→ **Task**
When the line containing "climate i...Lees meer" appears in the data below, begin copying there and stop only after the line containing "ALEAPP (Android Logs".

→ **Exercise input**
--
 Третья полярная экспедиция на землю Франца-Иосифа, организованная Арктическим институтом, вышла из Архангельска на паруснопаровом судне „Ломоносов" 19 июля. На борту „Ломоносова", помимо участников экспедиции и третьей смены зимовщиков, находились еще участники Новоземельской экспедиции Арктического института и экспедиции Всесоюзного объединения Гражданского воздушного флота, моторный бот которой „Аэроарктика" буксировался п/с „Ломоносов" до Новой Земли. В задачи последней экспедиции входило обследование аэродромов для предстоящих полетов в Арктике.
--
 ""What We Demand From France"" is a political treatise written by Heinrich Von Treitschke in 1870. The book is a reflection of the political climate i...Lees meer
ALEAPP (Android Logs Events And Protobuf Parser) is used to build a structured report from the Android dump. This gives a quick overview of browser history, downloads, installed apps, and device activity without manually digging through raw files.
--
→ **Exercise solution**
 ""What We Demand From France"" is a political treatise written by Heinrich Von Treitschke in 1870. The book is a reflection of the political climate i...Lees meer
ALEAPP (Android Logs Events And Protobuf Parser) is used to build a structured report from the Android dump. This gives a quick overview of browser history, downloads, installed apps, and device activity without manually digging through raw files.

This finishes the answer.